Using numactl on Processes
How numactl command arguments impact processes
Consider the effects of the following command on a Stampede3 Skylake node with 48 cores:
numactl <option socket(s)/core(s)> ./a.out
| For a Process:
Socket Control |
For a Process's Memory:
Socket Control |
For a Process:
Core Control |
|
assignment to socket(s) -N
|
pattern of memory allocation (local, interleaved, pref., mandatory) -l, -i, --preferred, -m
|
assignment to core(s) -C
|
Quick guide to numactl
| Flag | Arguments | Action | |
|---|---|---|---|
| Socket Affinity | -N |
{0,1} | Execute process on cores of this (these) socket(s) only. |
| Memory Policy | -l |
no argument | Allocate on current socket; fallback to any other if full. |
| Memory Policy | -i |
{0,1} | Allocate round robin (interleave) on these sockets. No fallback. |
| Memory Policy | --preferred= |
{0,1} | Allocate on this socket; fallback to any other if full. |
| Memory Policy | -m |
{0,1} | Allocate only on this (these) socket(s). No fallback. |
| Core Affinity | -C |
{0,1,2,3,...47} | Execute process on this (these) core(s) only. |
| NUMA Information | --hardware |
no argument | Display detailed info about NUMA nodes and internode distances. |
Notes on terminology
So far, the discussion of NUMA has involved familiar hardware objects like sockets (or equivalently, processors) and cores. However, these terms can be generalized into broader concepts, namely, NUMA nodes and hardware threads. In typical x86-based processors like Intel Xeons, one often assumes that NUMA nodes are the same as sockets, and hardware threads are the same as cores. But for x86 processors built from multi-chip modules (e.g., Intel's "EMIB" technology), or for Xeons with hyperthreading enabled, these assumptions can break down.
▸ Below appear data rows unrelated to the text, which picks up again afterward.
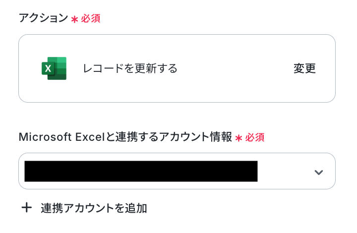 ステップ7:Microsoft Excelでレコードを更新 いよいよ最後の設定です! 前のステップで取得したユーザー情報を利用して、Microsoft Excelのレコードを更新しましょう。
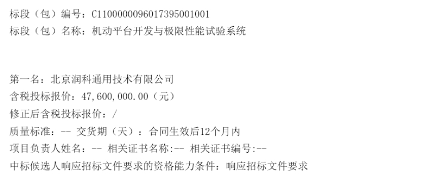 子公司北京通用中标5000万。
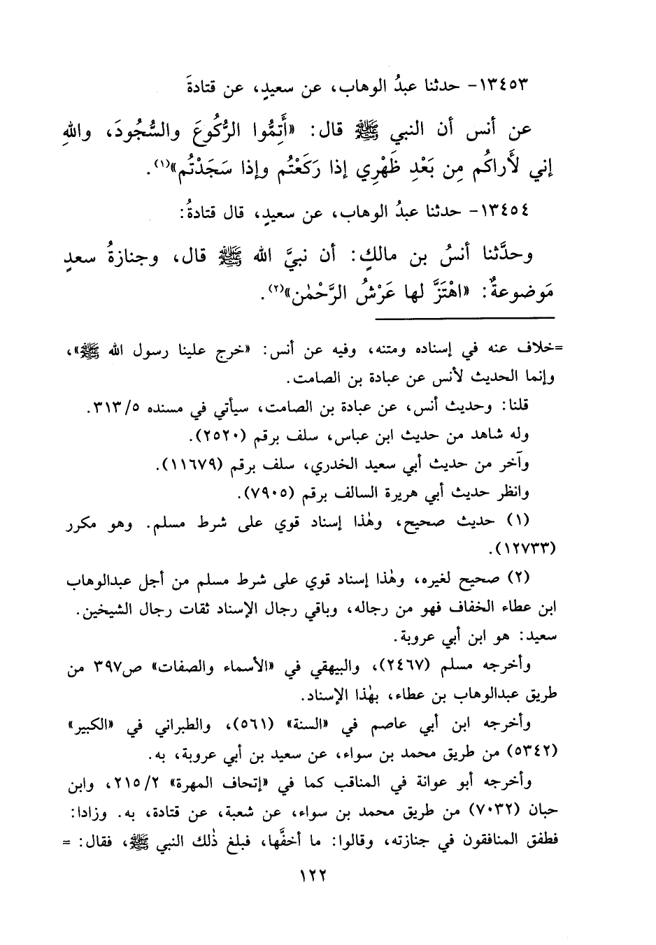 ١٣٤٥٤ - حَدَّثَنَا عَبْدُ الْوَهَّابِ، عَنْ سَعِيدٍ، قَالَ قَتَادَةُ، وَحَدَّثَنَا أَنَسُ بْنُ مَالِكٍ، أَنَّ نَبِيَّ اللهِ صَلَّى اللهُ عَلَيْهِ وَسَلَّمَ قَالَ وَجَنَازَةُ سَعْدٍ مَوْضُوعَةٌ: " اهْتَزَّ لَهَا عَرْشُ الرَّحْمَنِ " (٢)

In the more general conception of hardware that numactl works with, NUMA nodes are the predesignated pools of memory that are deemed to be
"closer" to one group of hardware threads than to another group. Hardware threads may also be referred to as "logical CPUs" or "virtual CPUs" (vCPUs).
Further details on numactl use can be found by typing man numactl on the system you are using. A summary of the NUMA nodes available
on a given machine, as well as other CPU-related info, can be obtained by running lscpu.
Specific considerations for memory usage and NUMA node configurations on TACC systems can be found in the respective user guides at the TACC documentation hub. More background on NUMA, specifically in NUMA in Linux, can be found in this ACM Queue article.
Historical note: in the past, Stampede2 used to offer multiple extra batch queues to provide optional NUMA-node configurations for its KNL nodes.
These Xeon Phi processors came with special onboard memory called MCDRAM. To identify the NUMA node
that corresponded to the high-bandwidth MCDRAM memory, one could issue a helpful command from the memkind library, memkind-hbw-nodes.